#### INSTRUCTIONS FOR THE TASK
Go to the line below containing "הוילה בנויה ממרחב" and print exactly from there through the line containing "Arshiner Girls 2", both included. Print nothing else.

#### DATA UNDER STUDY
^^^^^^^^

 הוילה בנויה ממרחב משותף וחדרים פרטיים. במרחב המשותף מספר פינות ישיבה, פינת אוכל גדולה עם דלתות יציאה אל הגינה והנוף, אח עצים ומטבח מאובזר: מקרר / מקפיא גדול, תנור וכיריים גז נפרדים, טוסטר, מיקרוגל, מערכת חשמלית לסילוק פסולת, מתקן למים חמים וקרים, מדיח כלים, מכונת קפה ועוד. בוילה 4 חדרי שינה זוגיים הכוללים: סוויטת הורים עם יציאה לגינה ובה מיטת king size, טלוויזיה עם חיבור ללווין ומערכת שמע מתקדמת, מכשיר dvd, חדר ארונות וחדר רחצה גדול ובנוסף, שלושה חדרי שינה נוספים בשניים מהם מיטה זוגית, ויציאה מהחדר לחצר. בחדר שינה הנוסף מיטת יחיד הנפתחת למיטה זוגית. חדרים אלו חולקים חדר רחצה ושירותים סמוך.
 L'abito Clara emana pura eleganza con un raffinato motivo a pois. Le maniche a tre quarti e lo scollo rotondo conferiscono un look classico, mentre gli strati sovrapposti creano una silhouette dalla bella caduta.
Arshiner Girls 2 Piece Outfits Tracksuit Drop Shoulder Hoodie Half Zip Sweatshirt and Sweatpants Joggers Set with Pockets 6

^^^^^^^^

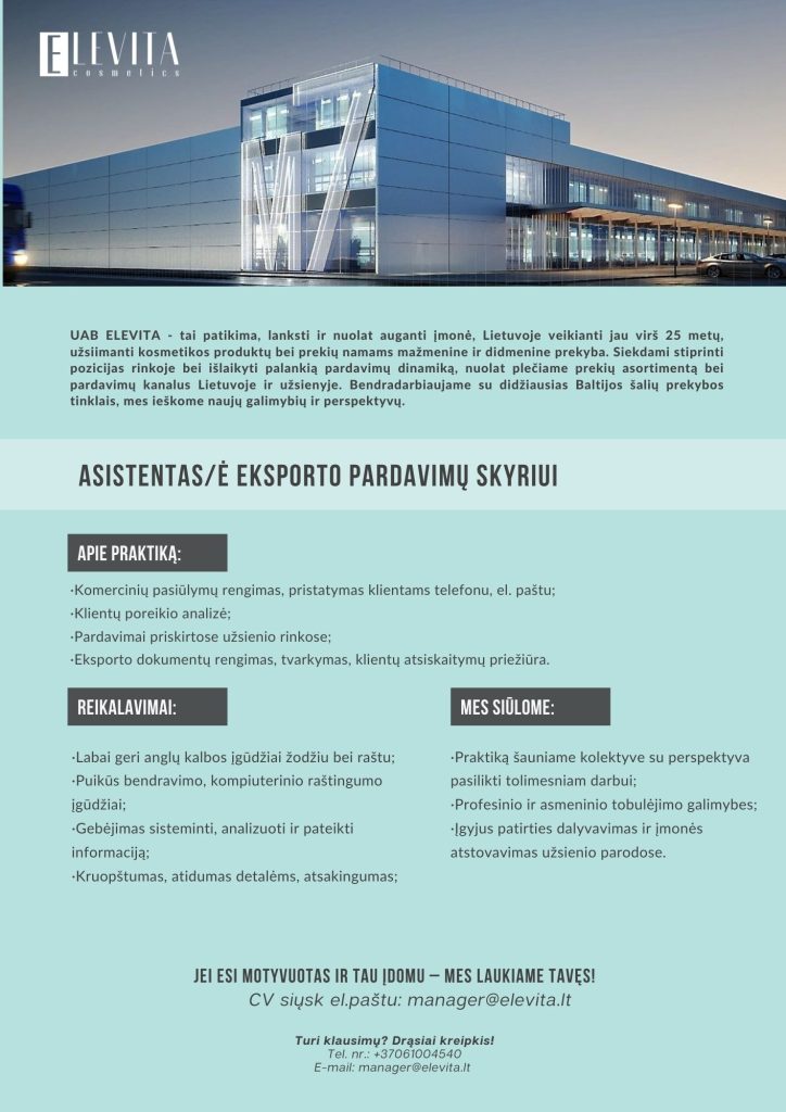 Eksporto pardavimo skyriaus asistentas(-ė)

^^^^^^^^

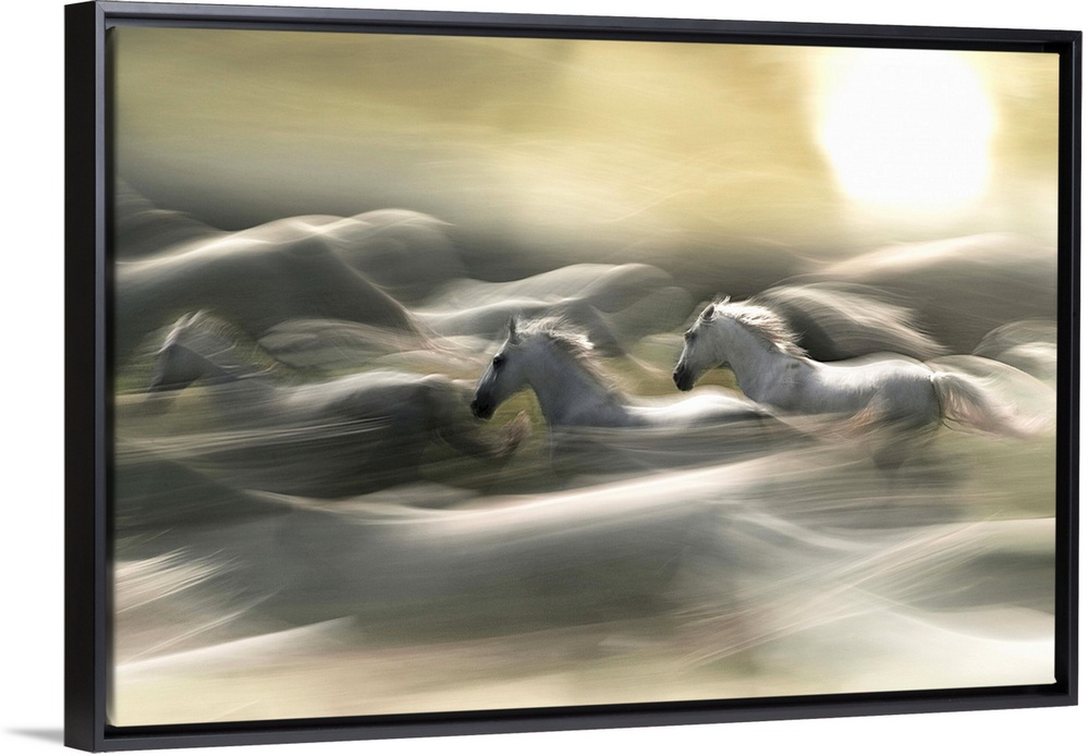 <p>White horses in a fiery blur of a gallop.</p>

^^^^^^^^

#### RESPONSE BOX
 הוילה בנויה ממרחב משותף וחדרים פרטיים. במרחב המשותף מספר פינות ישיבה, פינת אוכל גדולה עם דלתות יציאה אל הגינה והנוף, אח עצים ומטבח מאובזר: מקרר / מקפיא גדול, תנור וכיריים גז נפרדים, טוסטר, מיקרוגל, מערכת חשמלית לסילוק פסולת, מתקן למים חמים וקרים, מדיח כלים, מכונת קפה ועוד. בוילה 4 חדרי שינה זוגיים הכוללים: סוויטת הורים עם יציאה לגינה ובה מיטת king size, טלוויזיה עם חיבור ללווין ומערכת שמע מתקדמת, מכשיר dvd, חדר ארונות וחדר רחצה גדול ובנוסף, שלושה חדרי שינה נוספים בשניים מהם מיטה זוגית, ויציאה מהחדר לחצר. בחדר שינה הנוסף מיטת יחיד הנפתחת למיטה זוגית. חדרים אלו חולקים חדר רחצה ושירותים סמוך.
 L'abito Clara emana pura eleganza con un raffinato motivo a pois. Le maniche a tre quarti e lo scollo rotondo conferiscono un look classico, mentre gli strati sovrapposti creano una silhouette dalla bella caduta.
Arshiner Girls 2 Piece Outfits Tracksuit Drop Shoulder Hoodie Half Zip Sweatshirt and Sweatpants Joggers Set with Pockets 6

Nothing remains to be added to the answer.